Another issue is the size of the ID list. The length of the ID list is limited by the nsslapd-idlistscanlimit (cn=config,cn=ldbm database,cn=plugin,cn=config). It limits the number of IDs coming from one key of an index file. For instance, if the filter is “(cn=*)” and the presence index key has more than the nsslapd-idlistscanlimit value (4000, by default), the ID list becomes ALLIDS (b_nmax==ALLIDSBLOCK), which size is sizeof(IDList) == 12 bytes. On the other hand, let’s assume we have a filter “(

(mail=*er@*)(mail=*on@*))” and assume (mail=*er@*) hits 3000 entries and (mail=*on@*) does 2500 entries. Both are less than the nsslapd-idlistscanlimit (4000). Thus, the combined ID list, which size is 5500, is successfully returned to the front-end. Directory Server has other size limit configuration parameters nsslapd-sizelimit (cn=config) and nsslapd-lookthroughlimit (cn=config,cn=ldbm database,cn=plugin,cn=config). nsslapd-sizelimit does not restrict the ID list size, but it does the number of entries to be returned to the client. Another configuration parameter nsslapd-lookthroughlimit is checked for the server side sorting and the range search if the bind user is not the Directory Manager. The usage of nsslapd-lookthroughlimit has been expanded for the paged results to restrict the ID list after taking a union as described in the above example.

configuration parameters to limit time and size

	Directory Manager	ordinary user
nsslapd-timelimit default: 3600sec	set (-1 – no limit) internally; never timed out	timed out if it reaches the time limit since the previous paging request (*)
nsslapd-idlistscanlimit default: 4000	If exceeds the limit, ID list becomes ALLIDS; sort is not performed (LDAP_UNWILLING_TO_PERFORM (53) is returned); All entries are returned – not like SIZELIMIT or ADMINLIMIT, the search does not stop at the idlistscanlimit count. But "note=U" is logged in the access log even if the filtered attr is indexed. NOTE: minimum allowed value of nsslapd-idlistscanlimit is 100. If smaller value is set, it’s changed to 100.	If exceeds the limit, ID list becomes ALLIDS; sort is not performed (LDAP_UNWILLING_TO_PERFORM (53) is returned); All entries are returned – not like SIZELIMIT or ADMINLIMIT, the search does not stop at the idlistscanlimit count. But "note=U" is logged in the access log even if the filtered attr is indexed. NOTE: minimum allowed value of nsslapd-idlistscanlimit is 100. If smaller value is set, it’s changed to 100.
nsslapd-lookthroughlimit default: 5000	set (-1 – no limit) internally	If exceeds the limit, ID list becomes ALLIDS; LDAP_ADMINLIMIT_EXCEEDED is returned.
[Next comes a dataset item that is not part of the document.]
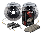 They feature fully forged calipers with patented stiffening bridges, patented 2-piece AeroRotors® for optimized cooling, braided stainless steel brake lines, performance brake pads, mounting brackets and all necessary hardware to complete the installation. StopTech® Big Brake Kits were the first Balanced Brake Upgrades® on the market, offering optimized brake bias to utilize all the traction available from all four tires.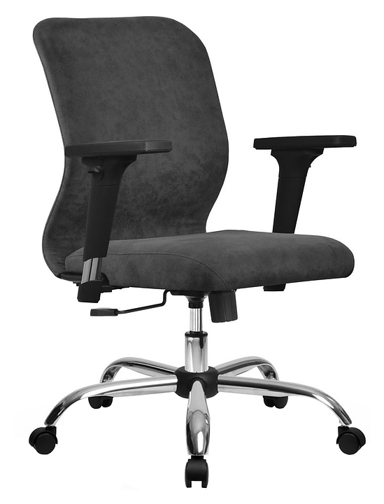 Кресло Метта Комплект SU-Mr-4/подл.200/осн.003 предназначено для долгой работы за компьютером на даче, дома, а также в офисах. Модель оснащена низкой, замкнутой сверху, спинкой, регулируемыми подлокотниками, комфортным объемным сиденьем, пятилучьем с овальным сечением и роликами. Каркас выполнен из стали с износостойким черным полимерным покрытием, газлифт и пятилучье - из хромированной стали, полики - из полиамида, обивка - из износостойкого велюра Vivaldi. Особенности:

Checked in sort, range search and search with a filter containing ‘\|’ (or)
nsslapd-sizelimit default: 2000	set (-1 – no limit) internally	Even if exceeds the limit, ID list is not affected; LDAP_SIZELIMIT_EXCEEDED is returned.

(*) If timelimit is hit in the search operation – searching the database or returning the results, LDAP_TIMELIMIT_EXCEEDED is returned to the client. If it is hit while the server waiting for the input from the client – request for the next page, the server disconnect the connection with SLAPD_DISCONNECT_IO_TIMEOUT. It’s logged as “closed - T2” in the access log. Once the connection is closed by the server, the client comment fails with LDAP_OPERATION_ERROR at the next input.

The server side sorting code is shared with the Virtual List View. VLV stores the sorted list in the VLV index file, thus once it’s VLV-indexed, each paging could be done very quickly from the first page. Probably, it’d be useful to gather statistics of the searches. If the same pattern which issues sorted and paged results requests on the ID lists is repeatedly detected, adding the corresponding VLV index would help the performance.

back-end approach

This back-end approach searches in the indexes every time the paged (search) results request comes in. Not like storing the entire ID list in the connection object, it sends the requested page size number of the matched entries starting from the position to the client and it stashes the current position to prepare for returning the next page.

The biggest advantage of this approach is it does not need to keep the entire ID list while the connection is held. The difficulty is to combine with the server side sorting. To run searching every time, you have to sort the search results every time. Sorting is an expensive operation. It’s not realistic to repeat the server side sorting every page just to display some small subset of the results. When we were brainstorming, we thought about applying some limitation to sorting such as allowing only one attribute to sort with and the attribute should be indexed. By the restriction, we tried to get the sorted, paged results with the range search manner from one index. Unfortunately, this attempt does not work for the multi-valued attributes since we have to return one entry just once instead of multiple times when the sorted attribute keys belonging to the entry appear in the index tree. That is, sorting cannot be done partially, but be entirely.

If sorting is not very important, we could support paged results exclusively, not accepting the 2 controls at the same time.

Last modified on 2 April 2024